# brute carb bowl drains



## Guarino113 (Oct 3, 2009)

on sunday i think i may have gotten some water in my bowls while i was in the creek. it runs fine on flat ground and up hill. but when i go down hill it spits and sputters. and now i stripped both the allen heads for the drains. does anyone know if i can get a replacement bolt from the hardware store that will fit? thanks


----------



## Heath070707 (Oct 12, 2009)

http://www.motosport.com/atv/oem-parts/KAWASAKI/2006/Brute%20Force%20650%204x4i/?modelyearid=389&typeid=2&groupId=19784
part number 92009A in left colum or if you still want to go to parts store threads are 6mm x .075


----------



## Guarino113 (Oct 3, 2009)

ok thanks. i want to do away with the allen head so im gonna try the parts store.


----------



## Heath070707 (Oct 12, 2009)

If your interested there are some stainless allen heads on jetsrus.com. Go to jets and jet kits, then search brute force they are close to the bottom of the page. They are for the carb bowls but i think they are the same size.

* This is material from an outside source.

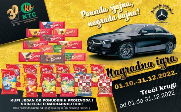 Poklon bonovi 30 x 1.000,00 kn ISKORISTIVI U BILO KOJOJ KTC POSLOVNICI! Glavnanagrada 5.000,00 kn Proslavi rođendan sa svojih 30 frendova u KTC restoranu u vrijednosti od Potroši preko 50 kn u KTC ugostiteljstvu i sudjeluj u nagradnoj igri! VIŠE INFORMACIJA O PRAVILIMA SUDJELOVANJA NA WWW.KTC.HR Na torti okrugao broj, ti primi poklon svoj! Na torti okrugao broj, ti primi poklon svoj! NAGRADNA IGRA KTC UGOSTITELJSTVA 01.02.2022.-14.01.2023. 1.KRUG - 01.02.-30.04.2022. 2.KRUG - 01.05.-31.07.2022. 3.KRUG - 01.08.-31.10.2022. 4.KRUG - 01.11.2022.-14.01.2023. 7x1000kn 7x1000kn 01.08.-31.10.2022. 7x1000kn 9x1000kn KTC UGOSTITELJSTVO Svakodnevno PRIPREMAMO SVJEŽA DOMAĆA I TOPLA JELA! Uz svaki kupljeni gablec: Coca Cola 0,25l 11,00kn-1,46€ 9,00kn-1,19€ 10,00kn-1,33€ Prilozi već od 6,00kn-0,80€! Salate već od 6,00kn-0,80€! IZDVAJAMO IZ DNEVNE PONUDE JELA!!! Sky Cola 0,33 VIŠE NA WWW.KTC.HR PONEDJELJAK 12.12.2022. GRAH ZELJE S KOBASICOM UTORAK 13.12.2022. SRIJEDA 14.12.2022. BEČARSKI PAPRIKAŠ PETAK 09.12.2022. CRNI RIŽOTO OD SIPE 23,00 kn 3,05EUR 23,00 kn 3,05EUR 29,00 kn 3,85EUR 23,00 kn 3,05EUR ČETVRTAK 08.12.2022. KUHANI BUNCEK 27,00 kn 3,58EUR POHANI SIR PILEĆA LJUTA KRILCA ILI BATACI SUBOTA 10.12.2022. 25,00 kn 3,32EUR Adventska ponuda Kobasice od divljači u pecivu 25,00 kn/3,32EUR - svaki dan! Burger s kobasicom od divljači u pecivu 30,00 kn/3,98EUR - svake srijede!

You might take one out and see if it will thread into the drains first. Just trying to help. :bigok:


----------



## Guarino113 (Oct 3, 2009)

i didnt realize that the screws had a piont on the end of them. so what i did was took them out and dremaled a slot for a regular screwdriver. now i dont have to worry about it anymore. and also i figured out how i got water in there. the drain hose on the back carb was off. i dont know how that happened but o well.


----------



## Bootlegger (Dec 18, 2008)

I made a little plug for the end of my drain hose....I just took the plugs out when I wanted to drain them.


----------



## Guarino113 (Oct 3, 2009)

i havent had any problems before with the water. i dont know how that hose came off anyway. i think that check valve works good.


----------